The output is delivered to the file ``results''. You can find this script in

scripts/ruu-loop.sh

Plotting a graph

Try using the gnuplot program. Run the script above, and save the output in a file ``table''. Type ``gnuplot''. Then, at its prompt type:

set logscale x 2
plot [][] 'table' using 1:4 with linespoints

To save the plot as a postscript file, try:

set term postscript eps
set output "psfile.ps"
plot [][] 'table' using 1:4 with linespoints

Try ``help postscript'', ``help plot'' etc for further details.
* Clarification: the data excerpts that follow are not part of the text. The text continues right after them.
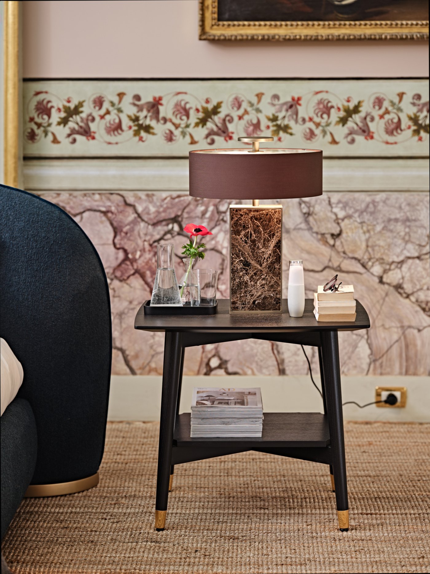 Простая культовая форма, плавно перетекающая в спальню; драгоценная деталь в виде полированной золотой или матовой темно-бронзовой отделки наконечников, которая оставляет стильный след, тихий, но достойный уважения.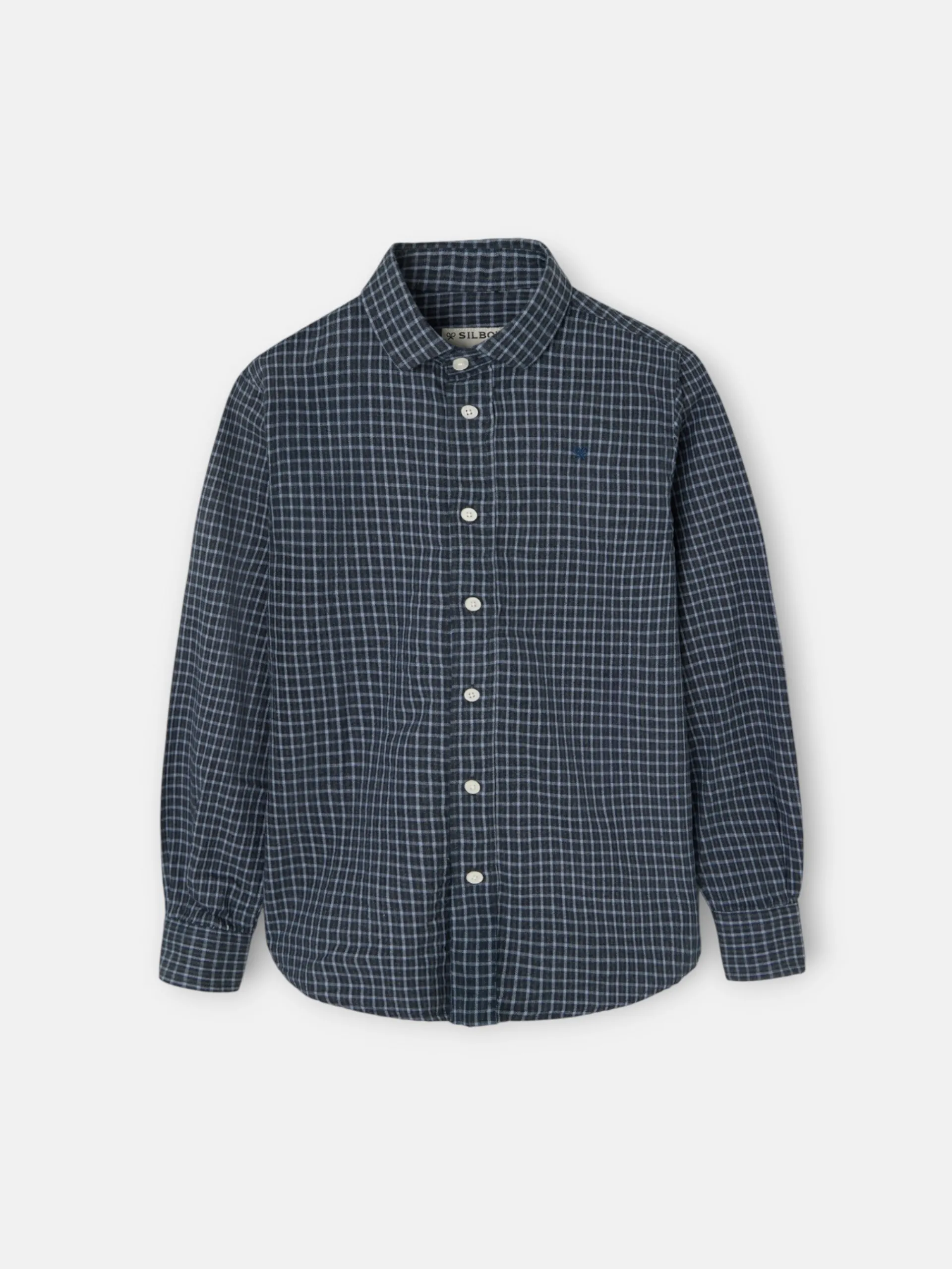 Camisa sport kids warm cuadro dark navy confeccionada en 100% algodón BCI de corte Regular Fit. Presenta cuello clásico, cierre con botones personalizados y manga larga de puño con botones. Cuenta con raquetas bordadas a contraste en color azul marino en el torso.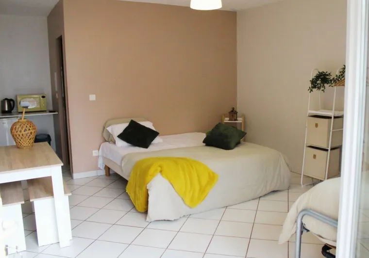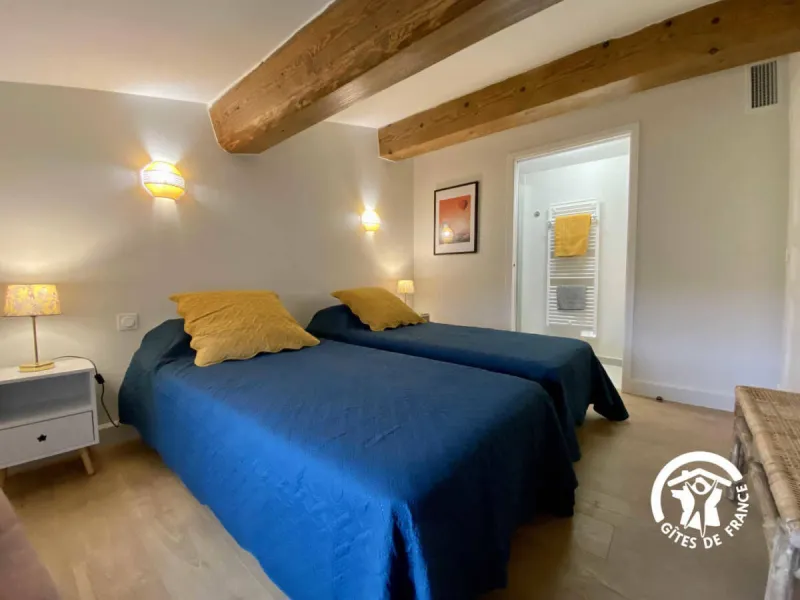 _2 chambres (1 lit 160 et 2 lits 90) chacune avec salle d'eau privative (1 seule est proposée à la location, au choix), WC indépendant sur le par palier.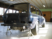 Etterhvert kom jeg borti en kar på Hamar som hadde et prosjekt som hadde strandet. Bilen var tatt ut av trafikk i -84. Dvs den hadde gått på veien i bare 10 år så den var godt bevart med tanke på rust. Det var gjort masse jobb med forsterkninger rundt motoroppheng og de fremre innfestningene til Porsche kasse var på plass. Både til 915 og 930 og det var montert bremser fra 911. Karroseriet var utrolig pent og ferdig lakkert i en mørk blå 3 sjikt Porsche farge.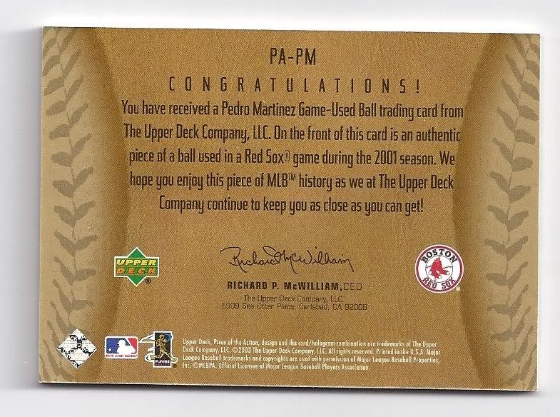Still looking for Pedro, Manny and Red Sox stuff in general. Mainly autos, and nice GU [ie, not one color jersey swatches] Willing to trade or buy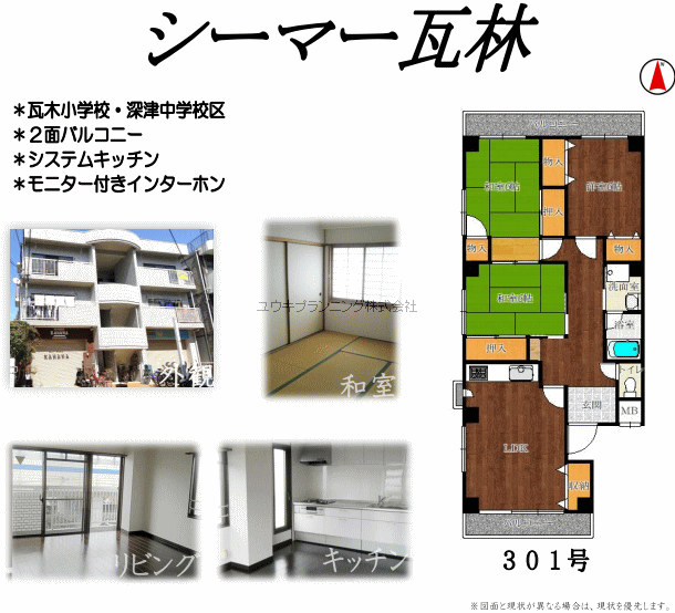 | 特色 | バストイレ別、室内洗濯機置場、バルコニー、駐車場、給湯器付、角部屋 |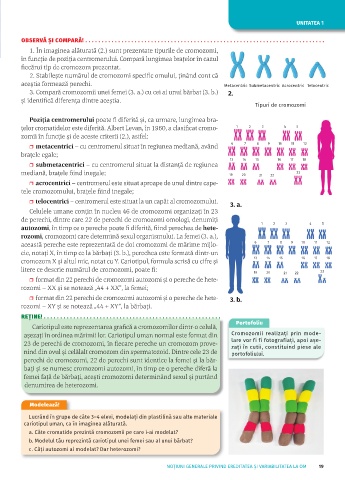3. Compară cromozomii unei femei (3. a.) cu cei ai unui bărbat (3. b.) 2.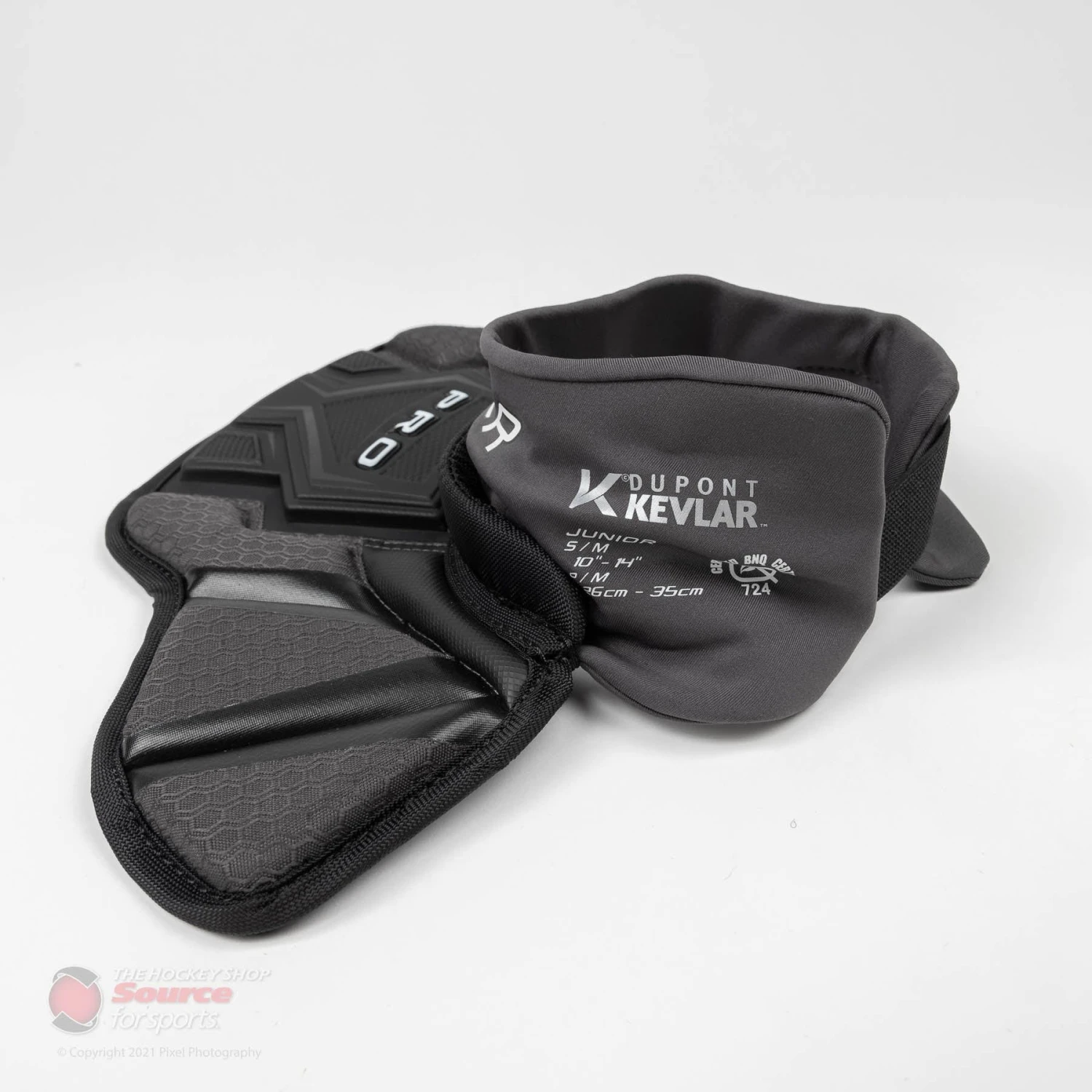The collarbone area of the Pro neck guard uses a combination of Bauer’s new rebound control foam and other HD foams to resist and protect against impacts. The kevlar collar is skate cut resistant while offering a less bulky feel than the Supreme neck guard it replaces.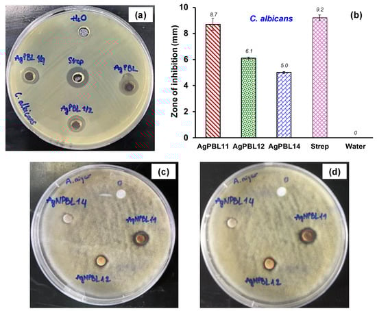 To assess the antifungal activity of the AgPBL, one mold strain (A. niger) and one yeast strain (C. albicans) were exposed to various AgPBL concentrations (100, 50 and 25 μg/mL) via the plate diffusion method. As shown in Figure 3a–d, the double distilled water (a negative control) exhibited no antifungal activity in terms of inhibition zone, while the AgPBL and the Streptomycin (Strep) obviously revealed ZOI. It was evident that AgPBL showed promising antifungal activity against both tested fungi. A comparison of the ZOI size for each fungal strain indicated a tendency for decreased antifungal action with decreasing AgPBL concentration, although this tendency was not proportional to the change in AgPBL concentration. For instance, reducing the AgPBL concentration by 50% and 75% resulted in a ZOI reduction for C. albicans of 29.9% and 42.5%, respectively. The results observed from Figure 3c,d after 7 and 14 days of the antifungal tests against A. niger revealed clearly that mold spores could not grow on the AgPBL-impregnated paper disks at any concentration. However, the paper disk impregnated with 25 μg/mL AgPBL solution did not exhibit a clear inhibition zone, indicating that the antifungal activity of AgPBL against C. albicans was better than against A. niger. The antifungal properties exhibited by bio-synthesized AgNPs were consistent with the findings of previous studies [,].
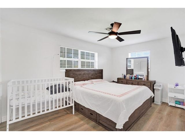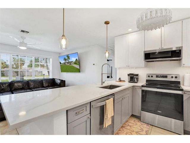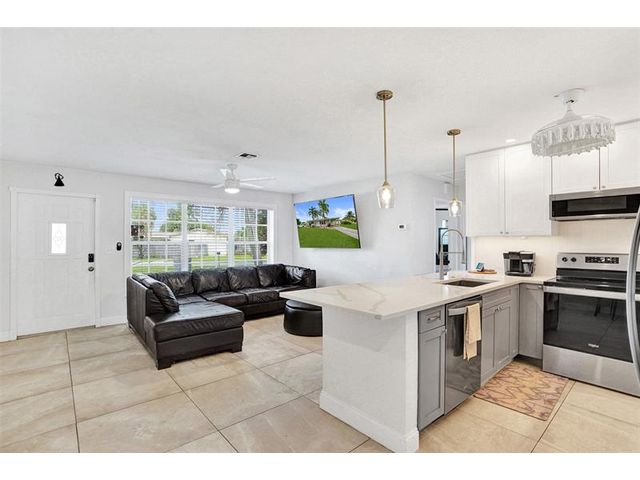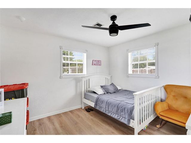 Move-in ready 2-bedroom, 1-bath single-family home situated on a corner lot with no HOA. Features include a newer roof, impact windows, and a bright open floor plan. The remodeled kitchen boasts quartz countertops, stainless steel appliances, white shaker cabinets, and pendant lighting. The backyard is fully fenced with plenty of space for a pool, patio, or playset. Additional highlights include a covered carport, outdoor sitting area, and storage shed. Close to schools, parks, and shopping.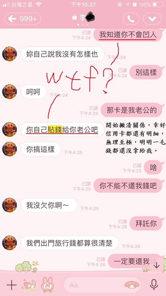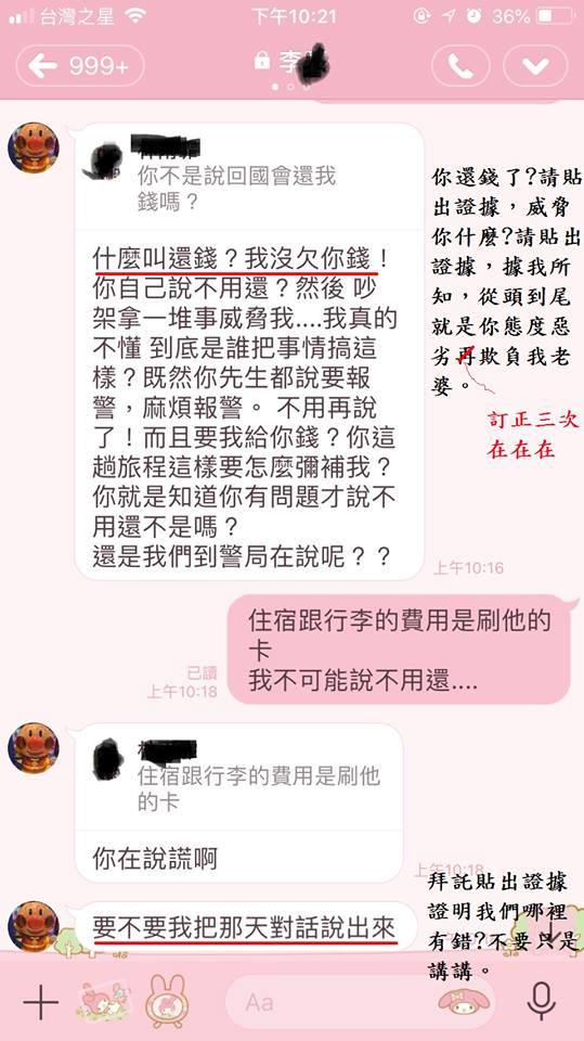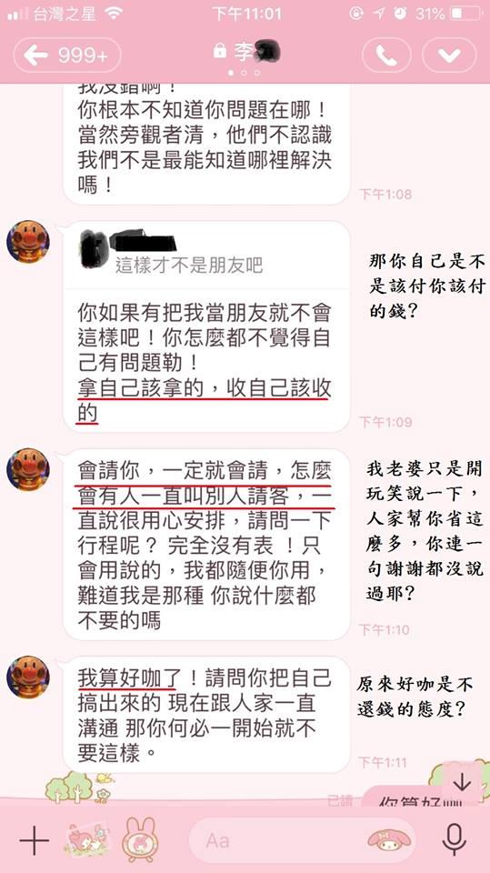 以下付上對話截圖,出國旅行難免有爭執,我也不敢說我或我老婆都對,一定有處理不好的地方,但是敢這麼欠錢真的很囂張,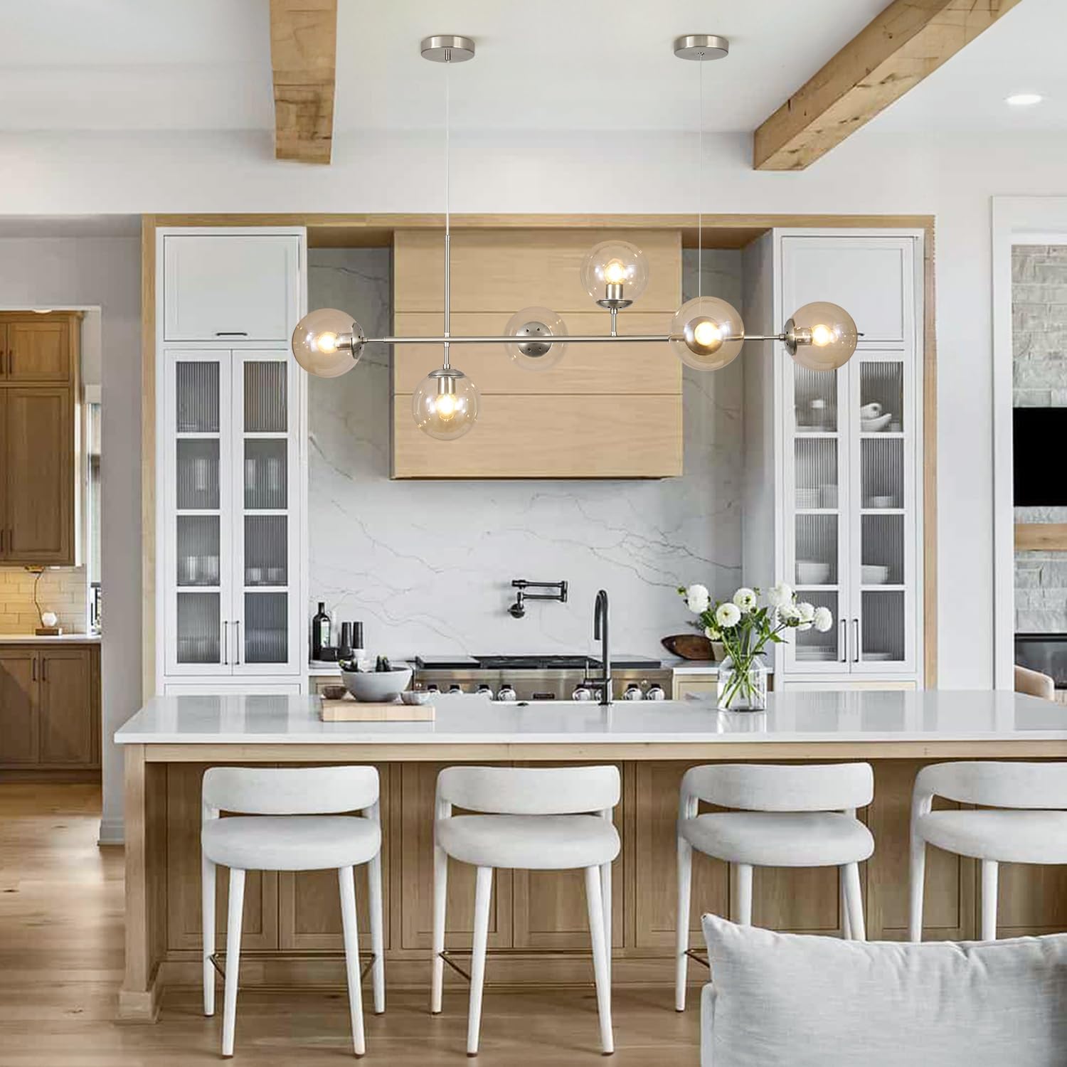 - Dining Room Light Fixture Application: The industrial hanging light emits ample glow to light up the whole space, no dark end. This 6-lights globe linear chandelier is suitable for kitchen island, dining room, kitchen sink, foyers, hallway, bedroom, living room, cafe, restaurant, study room. It’s definitely the best choice for your home lighting

Examining the assembler code

Compile the application using the ``-S'' flag.

cd solver/csteady
~phjk/simplescalar/bin/gcc -O3 -S csteady.c

The assembler code generated by the compiler is delivered in ``csteady.s''.

Experimenting with compiler options

The compiler accepts many parameters to control optimisation. Try ``man gcc'' to read about them. For example, ``-funroll-loops'' encourages the compiler to unroll loops:

~phjk/simplescalar/bin/gcc -O3 -funroll-loops csteady.c

Does this improve the performance of the simulated machine? What happens to the IPC?

Paul Kelly, Imperial College London, 2004

Footnotes

... substantial.¹: You can make much larger problem sizes using /scripts/MakeMatrices.sh 4 (410MBytes), or ./scripts/MakeMatrices.sh 5 (more than 1400MBytes).